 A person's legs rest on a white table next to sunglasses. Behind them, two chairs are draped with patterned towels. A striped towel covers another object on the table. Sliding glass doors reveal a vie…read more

--

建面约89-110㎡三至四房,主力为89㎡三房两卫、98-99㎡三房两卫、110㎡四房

==

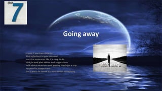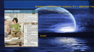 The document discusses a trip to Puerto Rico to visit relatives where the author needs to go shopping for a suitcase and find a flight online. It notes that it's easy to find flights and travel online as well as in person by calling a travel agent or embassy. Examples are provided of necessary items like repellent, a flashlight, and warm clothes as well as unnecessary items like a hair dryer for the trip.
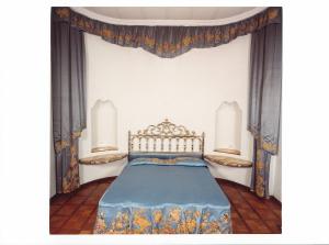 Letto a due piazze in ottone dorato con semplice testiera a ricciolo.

Task goal: Pictures excluded, give again exactly and only the lines of the material above from the line with "The document discusses" through the line with "Letto a due".

Result of the exercise:
 The document discusses a trip to Puerto Rico to visit relatives where the author needs to go shopping for a suitcase and find a flight online. It notes that it's easy to find flights and travel online as well as in person by calling a travel agent or embassy. Examples are provided of necessary items like repellent, a flashlight, and warm clothes as well as unnecessary items like a hair dryer for the trip.
 Letto a due piazze in ottone dorato con semplice testiera a ricciolo.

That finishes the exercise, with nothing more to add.